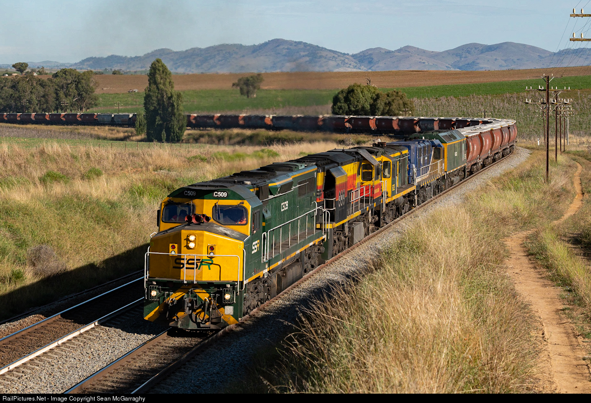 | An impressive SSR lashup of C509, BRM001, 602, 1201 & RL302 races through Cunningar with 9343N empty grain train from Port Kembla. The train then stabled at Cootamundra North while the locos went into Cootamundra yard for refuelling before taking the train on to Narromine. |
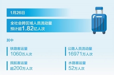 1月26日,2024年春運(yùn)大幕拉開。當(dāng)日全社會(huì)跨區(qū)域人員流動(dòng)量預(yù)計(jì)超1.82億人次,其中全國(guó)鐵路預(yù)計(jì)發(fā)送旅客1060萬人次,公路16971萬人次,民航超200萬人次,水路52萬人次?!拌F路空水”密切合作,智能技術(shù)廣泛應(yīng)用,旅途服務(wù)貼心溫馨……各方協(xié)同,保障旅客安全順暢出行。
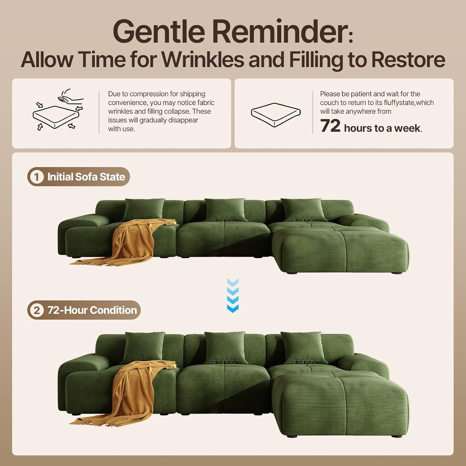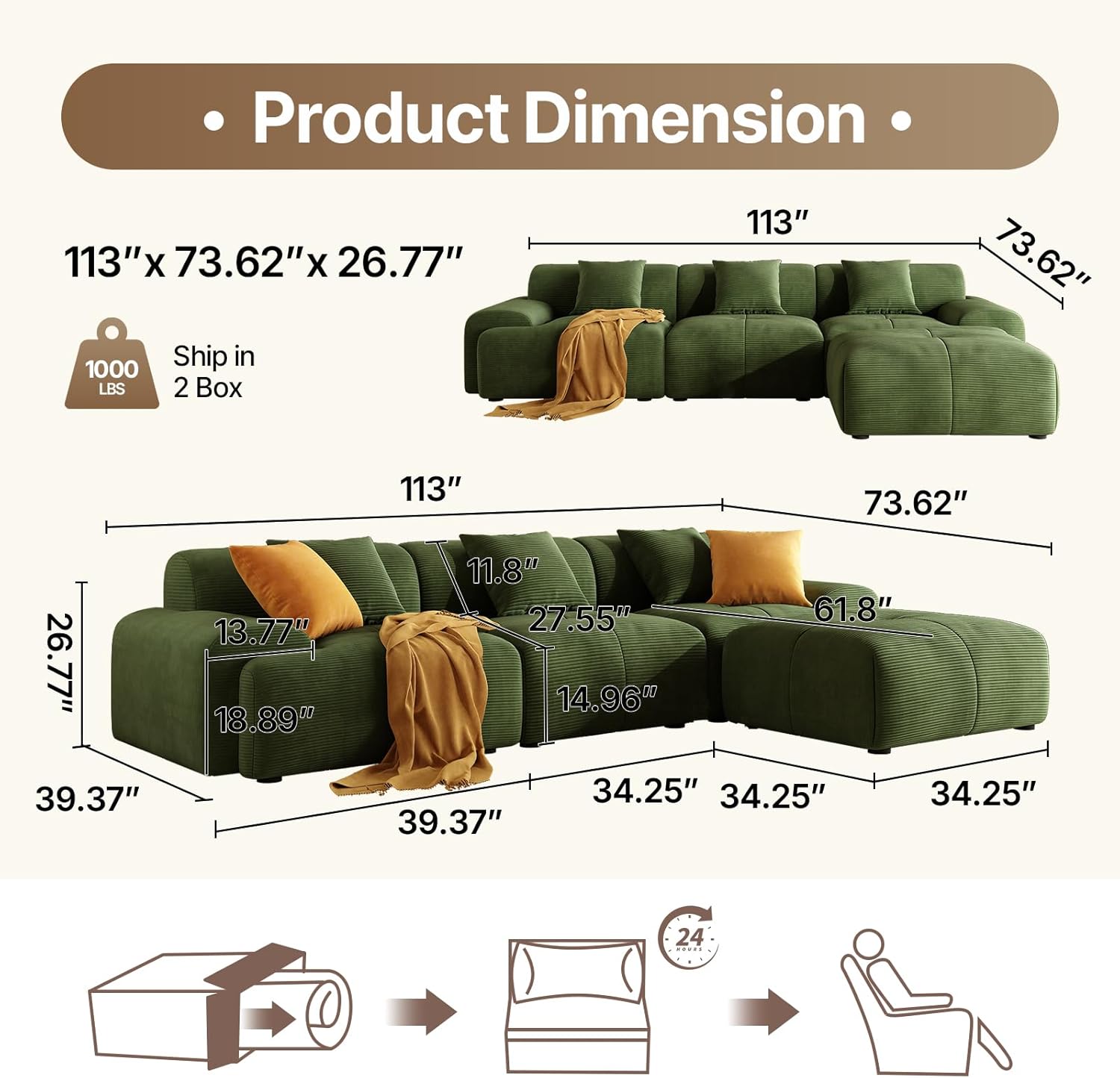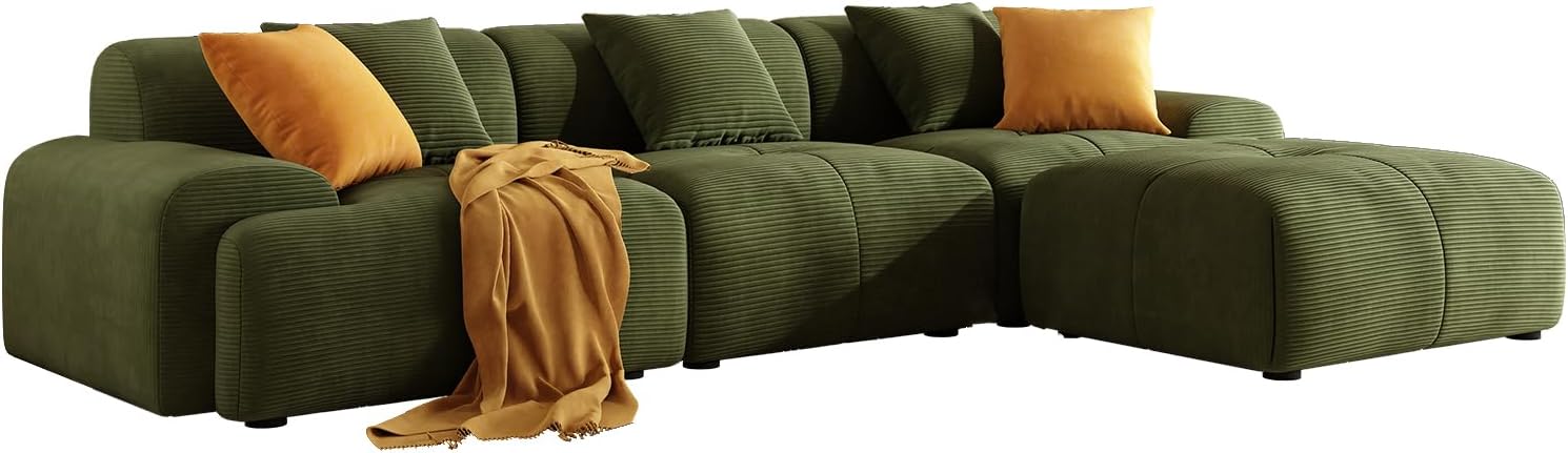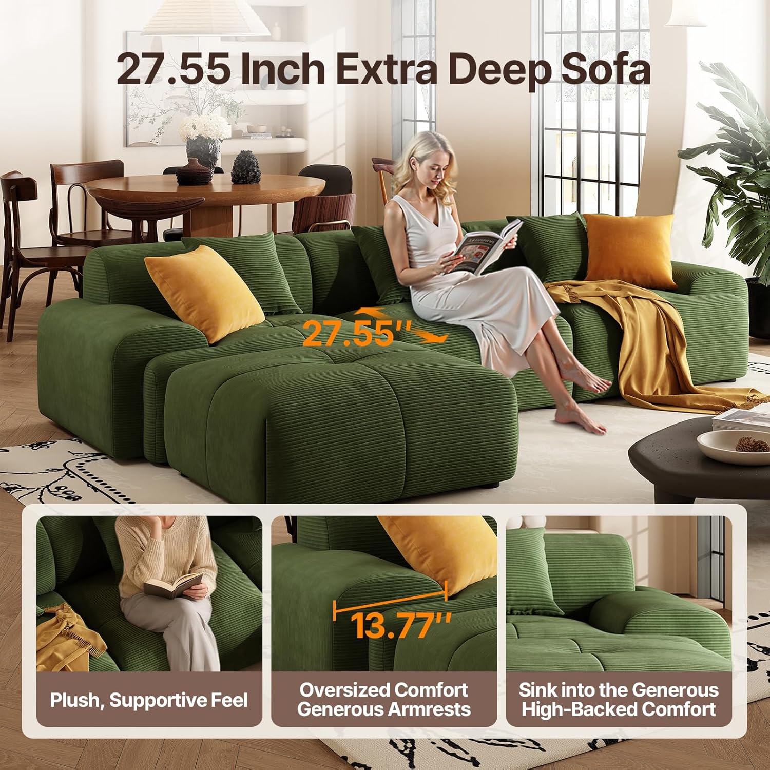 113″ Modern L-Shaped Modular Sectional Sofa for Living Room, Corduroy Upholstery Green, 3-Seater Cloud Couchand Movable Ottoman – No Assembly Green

...

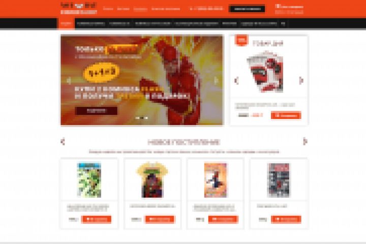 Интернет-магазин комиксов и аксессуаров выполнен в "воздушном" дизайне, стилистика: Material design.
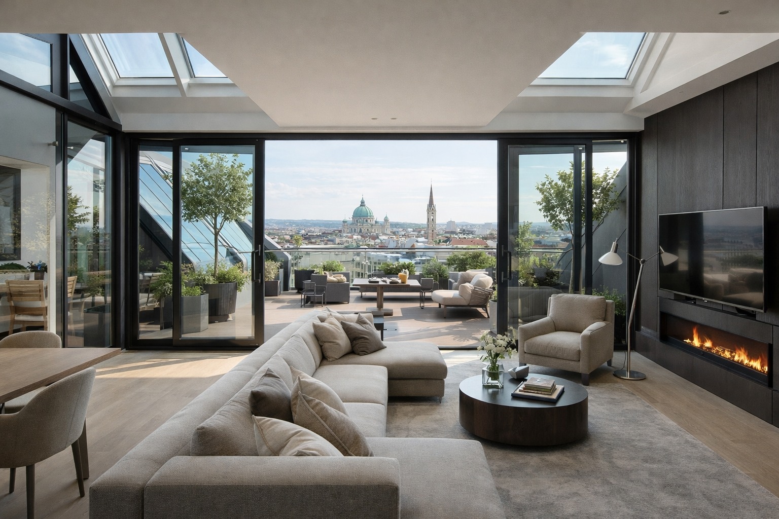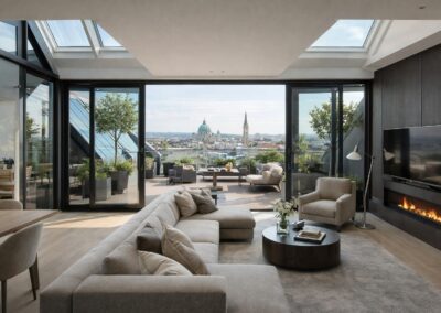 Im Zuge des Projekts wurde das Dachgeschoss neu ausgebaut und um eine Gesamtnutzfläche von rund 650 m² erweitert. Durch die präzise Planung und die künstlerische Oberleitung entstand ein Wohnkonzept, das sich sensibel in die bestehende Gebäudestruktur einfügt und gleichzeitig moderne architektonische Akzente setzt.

---

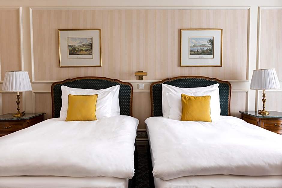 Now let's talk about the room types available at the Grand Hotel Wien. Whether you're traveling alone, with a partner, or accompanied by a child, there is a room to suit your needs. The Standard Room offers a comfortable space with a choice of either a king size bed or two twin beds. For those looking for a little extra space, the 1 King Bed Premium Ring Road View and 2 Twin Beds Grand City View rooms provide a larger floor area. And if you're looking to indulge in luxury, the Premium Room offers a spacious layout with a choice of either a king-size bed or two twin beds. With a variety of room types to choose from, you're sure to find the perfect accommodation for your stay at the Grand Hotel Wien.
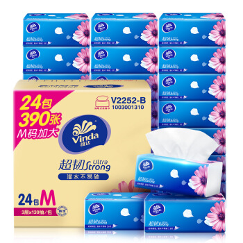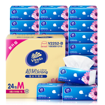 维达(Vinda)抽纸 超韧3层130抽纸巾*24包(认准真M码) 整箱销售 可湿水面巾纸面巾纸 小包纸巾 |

▸ Brief: Each line above from the one containing "Now let's talk" through the one containing "维达(Vinda)抽纸 超韧3层130抽纸巾*24包(认准真M码) 整箱销售" is to be returned verbatim. Nothing else, and no pictures.

▸ Solution to this task:
 Now let's talk about the room types available at the Grand Hotel Wien. Whether you're traveling alone, with a partner, or accompanied by a child, there is a room to suit your needs. The Standard Room offers a comfortable space with a choice of either a king size bed or two twin beds. For those looking for a little extra space, the 1 King Bed Premium Ring Road View and 2 Twin Beds Grand City View rooms provide a larger floor area. And if you're looking to indulge in luxury, the Premium Room offers a spacious layout with a choice of either a king-size bed or two twin beds. With a variety of room types to choose from, you're sure to find the perfect accommodation for your stay at the Grand Hotel Wien.
 维达(Vinda)抽纸 超韧3层130抽纸巾*24包(认准真M码) 整箱销售 可湿水面巾纸面巾纸 小包纸巾 |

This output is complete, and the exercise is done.